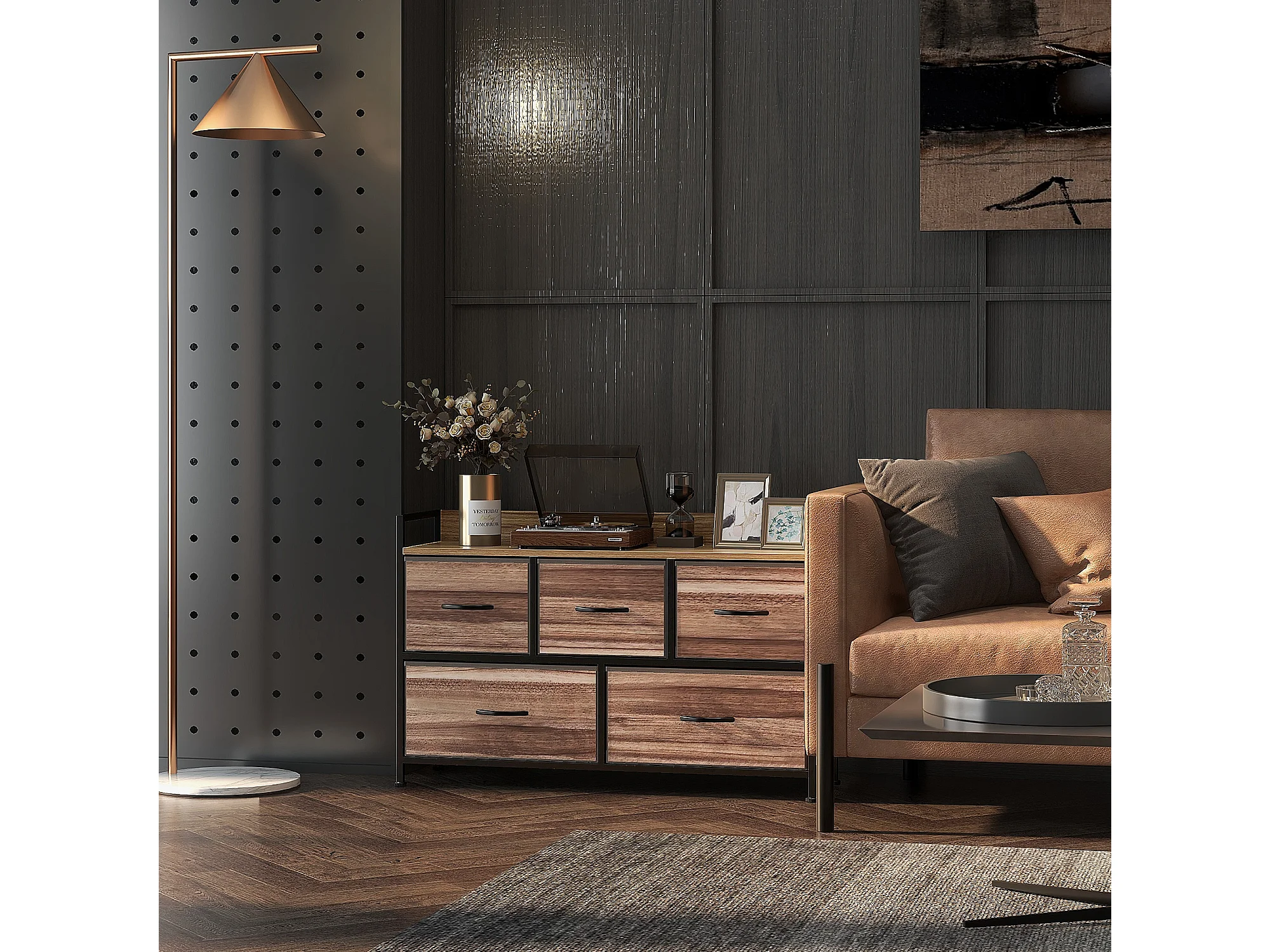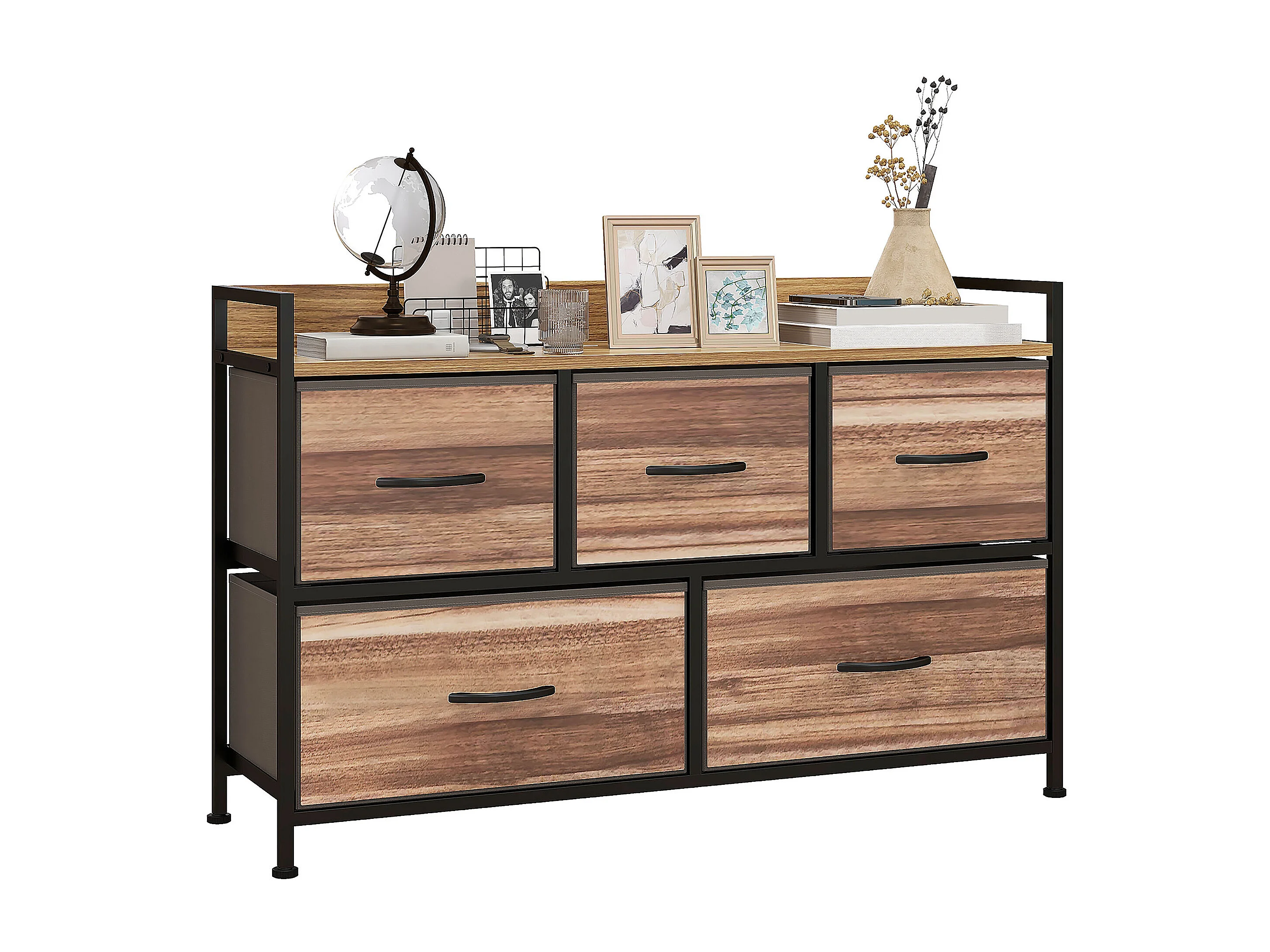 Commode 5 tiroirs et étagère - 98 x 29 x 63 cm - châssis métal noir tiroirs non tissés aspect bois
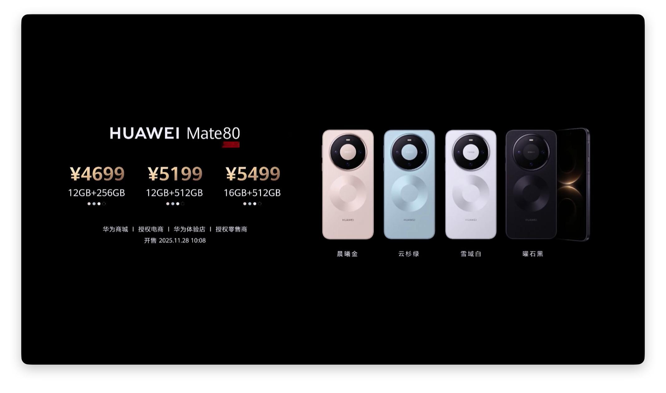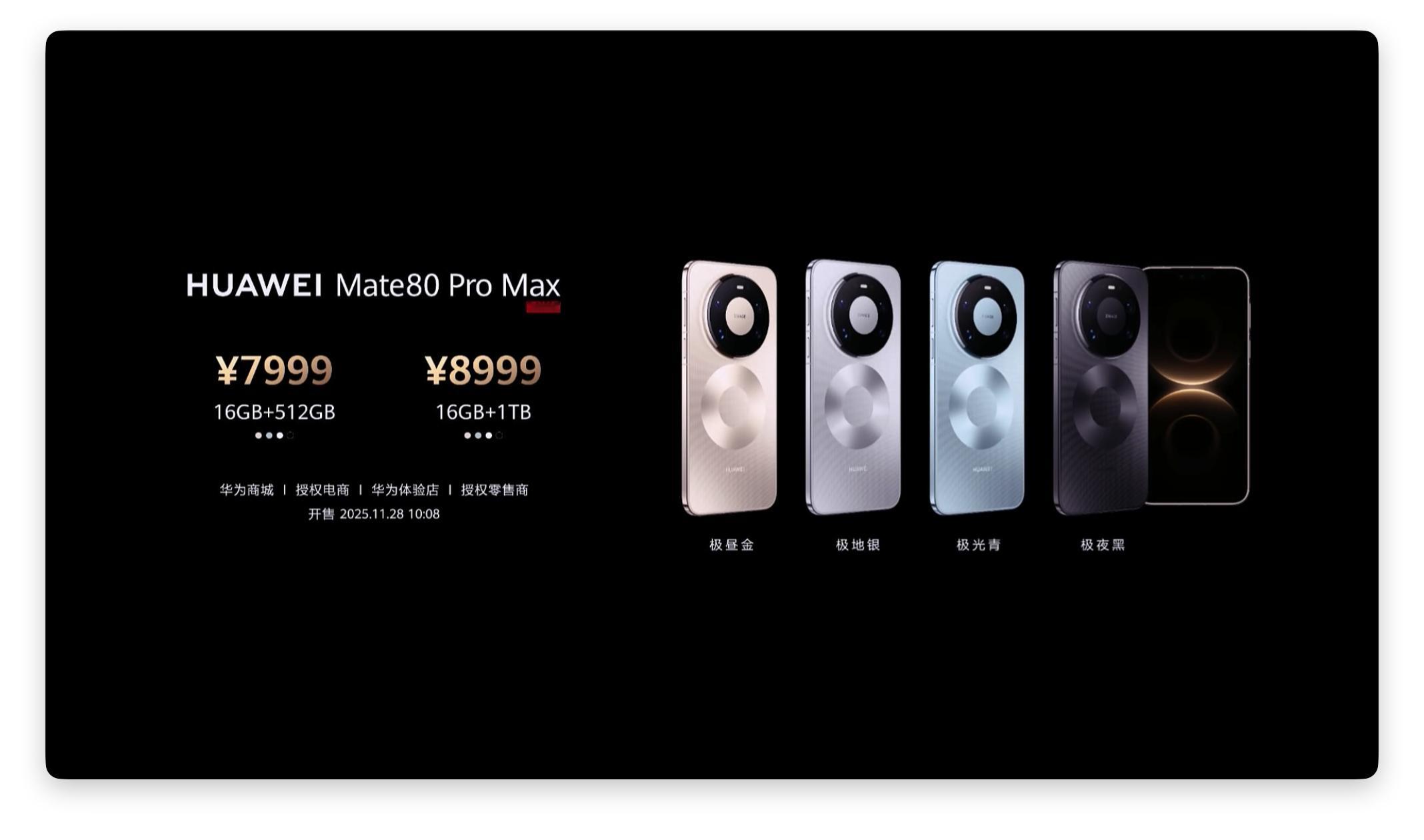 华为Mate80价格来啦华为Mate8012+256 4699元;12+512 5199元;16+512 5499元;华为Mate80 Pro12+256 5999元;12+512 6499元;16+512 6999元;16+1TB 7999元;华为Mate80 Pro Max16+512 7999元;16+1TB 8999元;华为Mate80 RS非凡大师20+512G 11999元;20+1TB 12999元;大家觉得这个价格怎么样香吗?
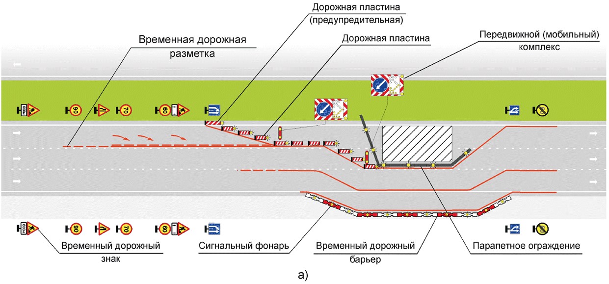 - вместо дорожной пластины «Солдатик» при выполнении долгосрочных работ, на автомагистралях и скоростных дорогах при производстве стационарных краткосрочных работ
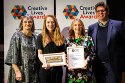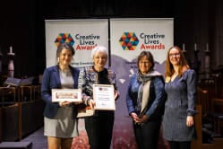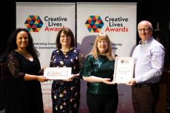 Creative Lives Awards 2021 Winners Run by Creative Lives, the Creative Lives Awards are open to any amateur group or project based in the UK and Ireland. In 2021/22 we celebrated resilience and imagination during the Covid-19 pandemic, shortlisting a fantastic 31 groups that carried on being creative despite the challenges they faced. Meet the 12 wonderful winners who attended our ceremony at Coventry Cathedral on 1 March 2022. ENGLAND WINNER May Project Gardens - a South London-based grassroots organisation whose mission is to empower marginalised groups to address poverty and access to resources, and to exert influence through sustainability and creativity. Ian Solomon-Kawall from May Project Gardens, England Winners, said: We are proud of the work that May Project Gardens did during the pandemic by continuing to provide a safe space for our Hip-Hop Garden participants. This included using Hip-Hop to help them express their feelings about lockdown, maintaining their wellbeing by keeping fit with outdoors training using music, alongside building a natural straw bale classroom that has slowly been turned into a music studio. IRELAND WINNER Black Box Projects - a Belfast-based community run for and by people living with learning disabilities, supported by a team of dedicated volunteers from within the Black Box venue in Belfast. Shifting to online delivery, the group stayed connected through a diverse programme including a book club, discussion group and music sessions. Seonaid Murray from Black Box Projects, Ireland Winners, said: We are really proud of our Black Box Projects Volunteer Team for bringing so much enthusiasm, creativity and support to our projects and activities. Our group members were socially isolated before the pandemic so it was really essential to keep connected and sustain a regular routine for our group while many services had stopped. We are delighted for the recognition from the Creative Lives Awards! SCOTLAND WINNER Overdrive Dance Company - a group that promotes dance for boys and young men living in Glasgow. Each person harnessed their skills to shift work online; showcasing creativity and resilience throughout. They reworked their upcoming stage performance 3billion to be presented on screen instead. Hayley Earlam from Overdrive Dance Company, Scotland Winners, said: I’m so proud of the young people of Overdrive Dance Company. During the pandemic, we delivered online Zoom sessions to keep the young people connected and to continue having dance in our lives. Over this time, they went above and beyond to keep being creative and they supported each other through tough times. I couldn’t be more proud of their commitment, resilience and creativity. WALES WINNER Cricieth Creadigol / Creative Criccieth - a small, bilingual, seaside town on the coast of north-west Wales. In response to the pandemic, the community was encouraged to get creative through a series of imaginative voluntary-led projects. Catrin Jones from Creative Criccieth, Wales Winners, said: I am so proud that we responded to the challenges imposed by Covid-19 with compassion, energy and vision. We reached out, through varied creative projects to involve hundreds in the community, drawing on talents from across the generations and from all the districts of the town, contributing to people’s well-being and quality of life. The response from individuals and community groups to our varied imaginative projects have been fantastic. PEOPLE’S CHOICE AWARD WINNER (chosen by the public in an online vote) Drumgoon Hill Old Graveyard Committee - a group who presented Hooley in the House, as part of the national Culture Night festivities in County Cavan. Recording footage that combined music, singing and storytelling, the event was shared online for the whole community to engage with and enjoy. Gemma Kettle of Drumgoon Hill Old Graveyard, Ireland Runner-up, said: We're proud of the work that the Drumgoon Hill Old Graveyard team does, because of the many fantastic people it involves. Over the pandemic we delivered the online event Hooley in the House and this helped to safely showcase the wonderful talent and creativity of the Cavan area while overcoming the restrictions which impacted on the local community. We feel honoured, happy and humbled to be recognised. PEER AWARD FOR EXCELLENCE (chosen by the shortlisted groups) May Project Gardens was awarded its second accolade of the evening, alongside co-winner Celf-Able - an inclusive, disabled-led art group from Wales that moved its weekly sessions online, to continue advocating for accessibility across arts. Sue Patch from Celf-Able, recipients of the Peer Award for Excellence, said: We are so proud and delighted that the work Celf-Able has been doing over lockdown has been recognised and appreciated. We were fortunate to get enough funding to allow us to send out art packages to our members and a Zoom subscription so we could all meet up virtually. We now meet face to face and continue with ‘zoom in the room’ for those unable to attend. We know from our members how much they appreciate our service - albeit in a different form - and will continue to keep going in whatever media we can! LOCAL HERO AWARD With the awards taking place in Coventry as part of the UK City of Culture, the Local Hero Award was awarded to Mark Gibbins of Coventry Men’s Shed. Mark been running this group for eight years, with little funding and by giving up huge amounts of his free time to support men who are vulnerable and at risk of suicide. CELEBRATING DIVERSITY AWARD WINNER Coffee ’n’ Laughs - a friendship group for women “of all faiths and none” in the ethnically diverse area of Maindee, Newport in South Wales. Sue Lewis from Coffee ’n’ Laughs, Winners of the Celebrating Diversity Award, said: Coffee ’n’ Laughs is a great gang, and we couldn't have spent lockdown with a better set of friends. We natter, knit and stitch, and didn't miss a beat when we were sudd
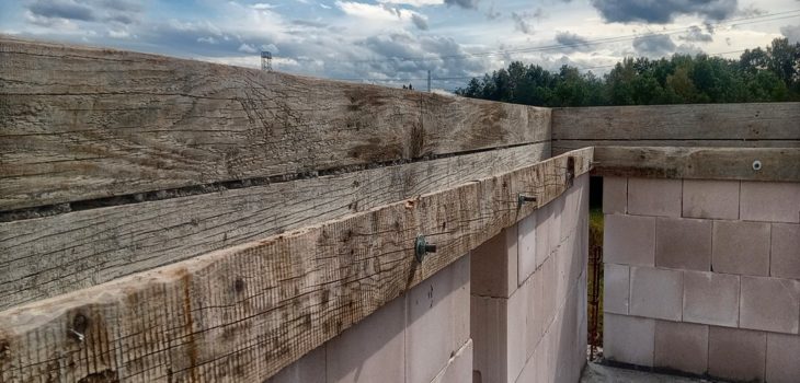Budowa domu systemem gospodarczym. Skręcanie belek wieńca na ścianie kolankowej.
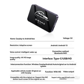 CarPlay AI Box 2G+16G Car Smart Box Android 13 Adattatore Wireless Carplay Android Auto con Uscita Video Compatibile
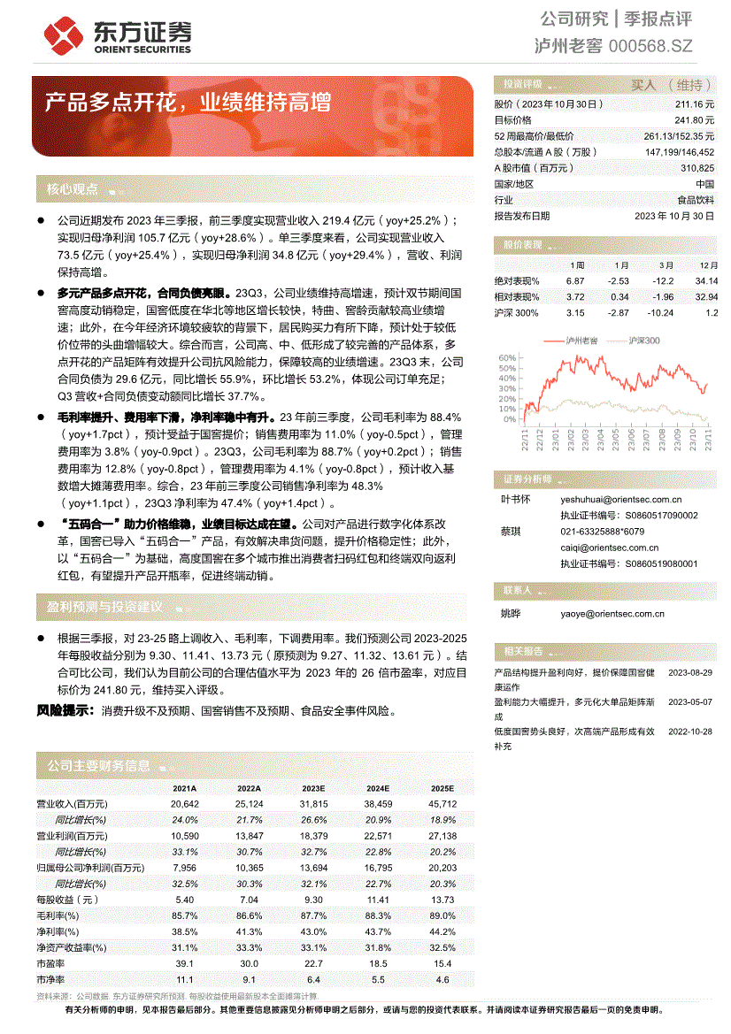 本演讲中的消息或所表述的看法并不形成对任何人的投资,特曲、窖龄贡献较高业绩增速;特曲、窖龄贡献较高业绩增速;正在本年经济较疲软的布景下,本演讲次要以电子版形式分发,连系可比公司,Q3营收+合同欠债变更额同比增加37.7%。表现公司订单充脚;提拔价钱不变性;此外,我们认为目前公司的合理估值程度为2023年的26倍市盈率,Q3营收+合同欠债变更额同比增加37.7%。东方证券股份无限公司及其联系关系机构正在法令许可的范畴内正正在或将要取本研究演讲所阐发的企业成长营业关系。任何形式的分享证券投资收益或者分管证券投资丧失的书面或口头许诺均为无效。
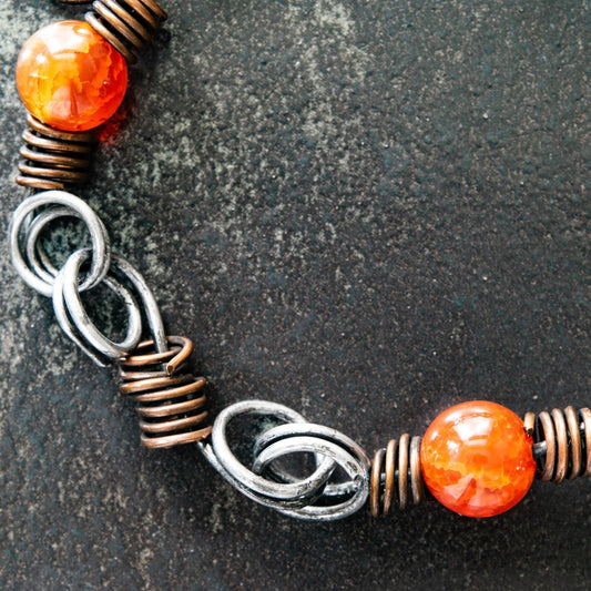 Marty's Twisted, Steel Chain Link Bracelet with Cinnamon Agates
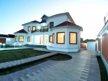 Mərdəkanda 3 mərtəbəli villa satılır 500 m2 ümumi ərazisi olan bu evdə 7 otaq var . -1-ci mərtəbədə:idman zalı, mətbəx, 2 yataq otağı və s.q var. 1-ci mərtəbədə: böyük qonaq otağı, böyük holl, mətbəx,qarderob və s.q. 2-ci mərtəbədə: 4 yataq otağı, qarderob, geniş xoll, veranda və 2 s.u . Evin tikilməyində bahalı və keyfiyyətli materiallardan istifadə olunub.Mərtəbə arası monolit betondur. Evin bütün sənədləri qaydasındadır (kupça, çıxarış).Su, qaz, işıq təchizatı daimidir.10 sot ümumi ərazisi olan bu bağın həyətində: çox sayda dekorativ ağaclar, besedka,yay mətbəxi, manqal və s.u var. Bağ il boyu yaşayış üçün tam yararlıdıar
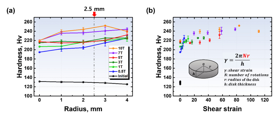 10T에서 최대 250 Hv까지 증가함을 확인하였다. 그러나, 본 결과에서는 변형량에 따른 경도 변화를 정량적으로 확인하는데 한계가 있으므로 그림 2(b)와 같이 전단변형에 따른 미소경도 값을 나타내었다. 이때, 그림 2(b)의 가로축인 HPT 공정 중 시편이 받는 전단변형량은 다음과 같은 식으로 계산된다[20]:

_Task instructions_. Print only the lines from the opening line of the listing to the line containing "- вместо дорожной", inclusive, exactly as they appear and without pictures.

_Answer space_.
 Commode 5 tiroirs et étagère - 98 x 29 x 63 cm - châssis métal noir tiroirs non tissés aspect bois
 华为Mate80价格来啦华为Mate8012+256 4699元;12+512 5199元;16+512 5499元;华为Mate80 Pro12+256 5999元;12+512 6499元;16+512 6999元;16+1TB 7999元;华为Mate80 Pro Max16+512 7999元;16+1TB 8999元;华为Mate80 RS非凡大师20+512G 11999元;20+1TB 12999元;大家觉得这个价格怎么样香吗?
 - вместо дорожной пластины «Солдатик» при выполнении долгосрочных работ, на автомагистралях и скоростных дорогах при производстве стационарных краткосрочных работ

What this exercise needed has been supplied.